Despite its raw and painful concerns—suicide, loss, grief—Miriam Toews’ sixth novel, All My Puny Sorrows, brings to mind the irreverent and ebullient opening words of Joan Foster in Margaret Atwood’s Lady Oracle: “I planned my death carefully; unlike my life, which meandered along from one thing to another, despite my feeble attempts to control it. My life had a tendency to spread, to get flabby, to scroll and festoon like the frame of a baroque mirror….”
The parallel is fleeting. While the perfectly-aimed sarcasm of Atwood’s protagonist elicits upbeat and hearty laughter, the cutting observations of Toews’ narrator, Yolandi Von Riesen, register as gallows humor and whistling in a graveyard. Yoli’s sharp asides are always accompanied by deep unease. Dissolution and encroaching death lurk just beneath—or within—her every smart-ass remark.
Fitful and seething, the novel dwells on what Toews describes— in the memoir Swing Low (2000), an account of her father—as “dragging some of the awful details to the light of day.” Melvin Toews suffered from depression (a “clinical, profoundly inadequate word for deep despair,” his youngest daughter writes) for decades and ended his life after retirement from a robust teaching career in a Canadian prairie town. A similar affliction resulted in the suicide of Toews’ sister Marj a dozen years later. In Puny Sorrows, Yoli’s father’s suicide is an unhealed past trauma; her sister’s pending one is painful, an open wound.
A harried and self-deprecating women facing her elder sister’s insistent yearnings for suicide even as the memory of their father’s suicide hasn’t yet subsided, Yoli experiences a kind of grief that does not have the reassuring neatness of Elisabeth Kübler-Ross’ five stages.

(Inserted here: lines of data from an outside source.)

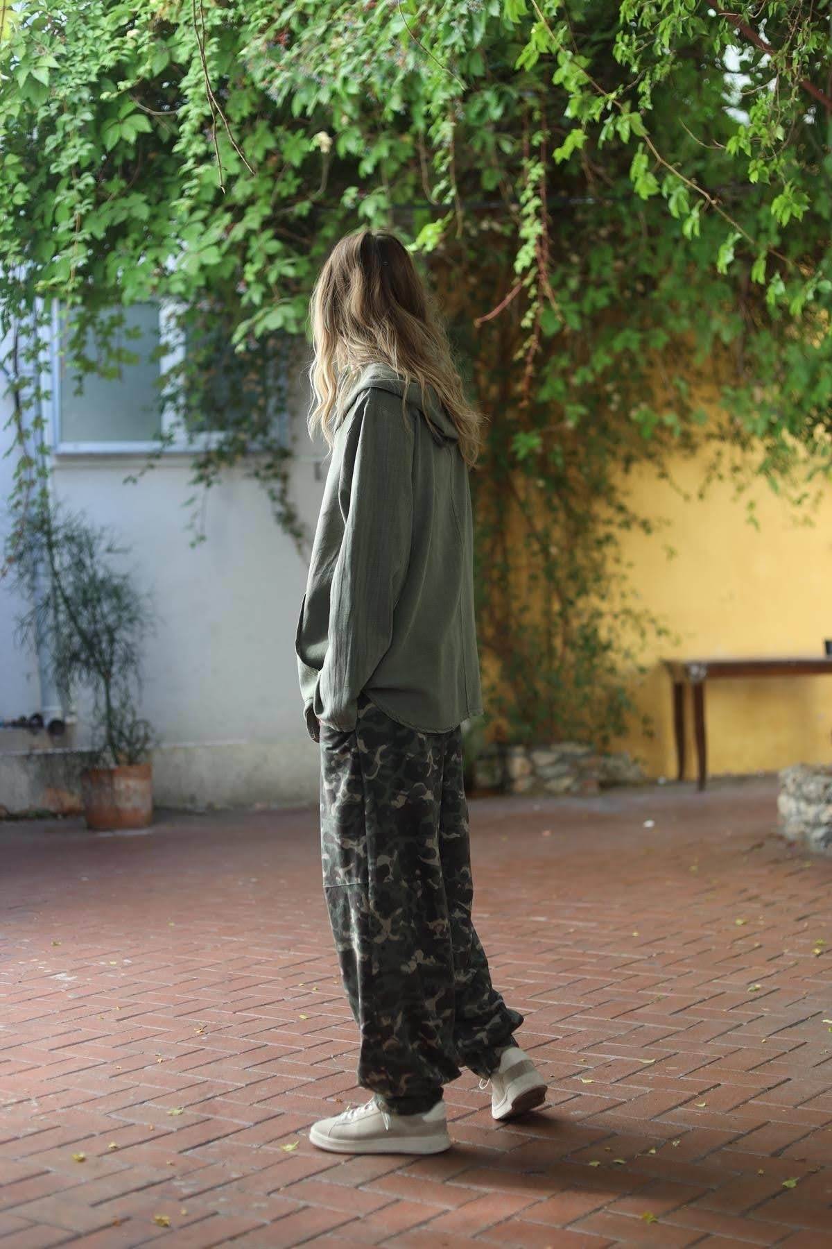 Haki Düğmeli Kanguru Cepli Kapüşonlu Sweat (KSW-RSD-002-PA-HA-S/M)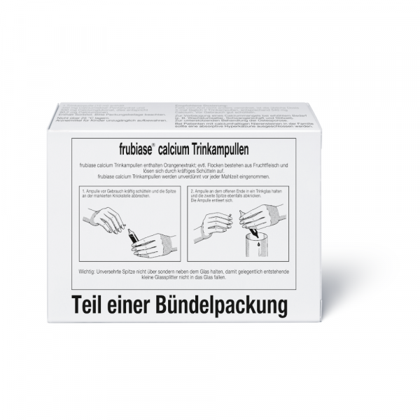 frubiase calcium Trinkampullen sind ein Mineralstoffpräparat. frubiase calcium Trinkampullen werden angewendet zur Vorbeugung eines Calciummangels bei erhöhtem Bedarf (z.B. Wachstumsalter, Schwangerschaft und Stillzeit) und zur unterstützenden Behandlung der Osteoporose.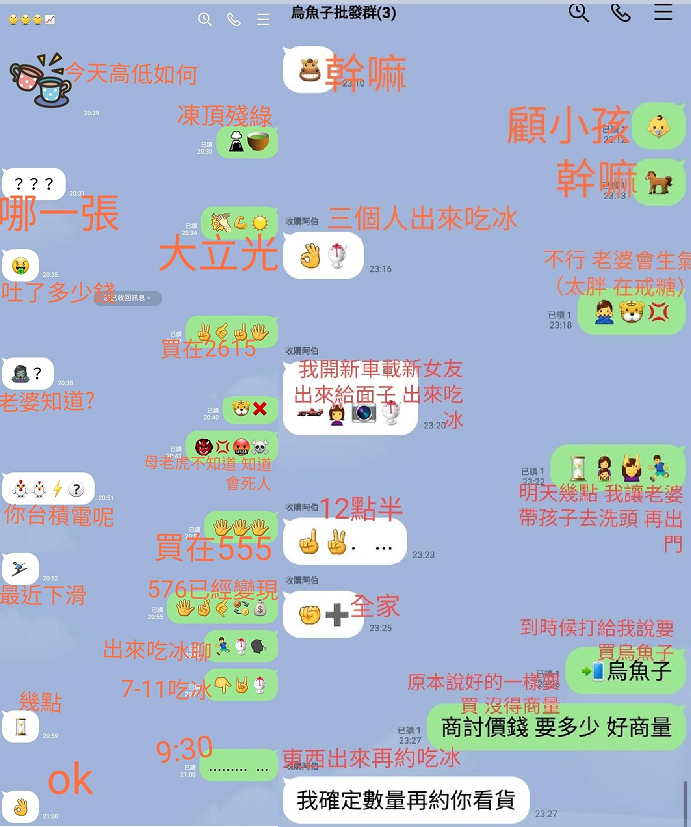 就當眾人以為原PO會發生家庭革命時,原PO今上午又貼出「翻譯內容」,原來老公是和朋友訴苦股票「凍頂殘綠」,「大力拍打、肌肉、陽光」符號代表股王「大立光」,「公雞、閃電」符號為「台積電」,但因擔心原PO得知虧損會生氣,因此特別用暗號與朋友討論,甚至還用「冰淇淋」符號偷約朋友吃冰,因為之前才被原PO下令禁止吃冰。

Toews depicts it as all-consuming, deeply messy, and wildly erratic, a chaotic emotional state.
At once nostalgic and clear-eyed, the novel’s summery and consummate opening chapter describes the Von Reisen family circa 1979. Yoli and her confident, self-possessed older sister Elfrieda are adolescent, and the family of four gets by as near-pariahs within a small Manitoban Mennonite community whose dour, holier-than-thou elders actively discourage citizens like the Von Reisens from expressing individuality. Under the care of their parents, though, the girls go camping, freely express unorthodox opinions (such as women’s rights), and savor rather than repress joyfulness. Even with the community’s restrictions and a bloody, violent Russian familial heritage, the Von Reisens convey a surface happiness.

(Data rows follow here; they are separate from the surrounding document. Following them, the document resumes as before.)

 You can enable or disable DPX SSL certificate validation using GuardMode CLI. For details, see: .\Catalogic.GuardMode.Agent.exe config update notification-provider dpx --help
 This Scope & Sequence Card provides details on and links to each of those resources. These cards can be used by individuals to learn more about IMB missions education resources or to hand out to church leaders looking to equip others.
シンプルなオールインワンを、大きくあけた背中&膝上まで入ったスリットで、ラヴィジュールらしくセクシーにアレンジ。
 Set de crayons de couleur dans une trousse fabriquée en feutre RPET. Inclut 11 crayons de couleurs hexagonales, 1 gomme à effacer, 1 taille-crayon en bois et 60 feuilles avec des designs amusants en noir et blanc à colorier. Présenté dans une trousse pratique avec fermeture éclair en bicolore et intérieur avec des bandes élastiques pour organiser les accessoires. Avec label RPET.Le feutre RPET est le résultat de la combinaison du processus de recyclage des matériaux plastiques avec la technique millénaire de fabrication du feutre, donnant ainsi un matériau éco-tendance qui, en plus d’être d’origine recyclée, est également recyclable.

At midpoint the chapter’s hue darkens: “Elfrieda has a fresh cut just above her left eyebrow. There are seven stitches holding her forehead together…. I asked her how she got the cut and she told me she fell in the washroom. Who knows if it’s true or false. We are women in our forties now. Much has happened and not happened. Elf said that in order for her to open her package of pills—the ones given to her by nurses—she would need a pair of scissors. Fat lie.”
Divorced, unfocussed, and barely scraping by in Toronto as a single parent and author of children’s books, aspiring novelist Yoli is visiting her sister, a world-renowned concert pianist, in a Winnipeg hospital ward. Not for the first time, Elf has tried—and failed—to end her life.
As the voice of the novel, Yoli is captivating. Between tearful, low-volume hospital conversations with her sister—who’s focused on getting better, Elf says without much conviction—Yoli makes calls and texts to far-flung family; she drops by nurses’ stations, paces, conjures anxious visions at home, reminisces in her car. Urgent and panicked, she talks with her visiting mother and aunt (whose brief stay in Winnipeg is disrupted by her own misfortune); she’s argumentative, flailing, desperate. As her sister’s confident, she’s forced to weigh—and weigh again—Elf’s request to arrange a trip for two to Switzerland, which is home to legal assisted suicide. When Elf is released, only to be found at home later in physical agony, having consumed a caustic household cleanser, Yoli is forced to answer uncomfortable, pressing questions about the ethics of suicide and an individual’s right to end life on their own terms.
After a terrible finality, four chapters chart Life After Elf, with Yoli’s mother moving into her daughter’s filthy new house in Toronto. “She’s a short, fat seventy-six-year-old Mennonite prairie woman who has lived most of her life in one of the country’s most conservative small towns, who has been tossed repeatedly through life’s wringer, and who has rather suddenly moved to the trendy heart of the nation’s largest city to begin, as they say, a new chapter in her life.” Anchored to time, of course, their lives must continue.
Though Toews depicts both Yoli and Elf as burdened and damaged by past events, and conscious of the chasm left by their absent loved ones, she also gestures at their striving for happiness and whatever pleasures life offers them. Realistic and deeply sad, the ending captures scenes of recovery and endurance with striking fidelity.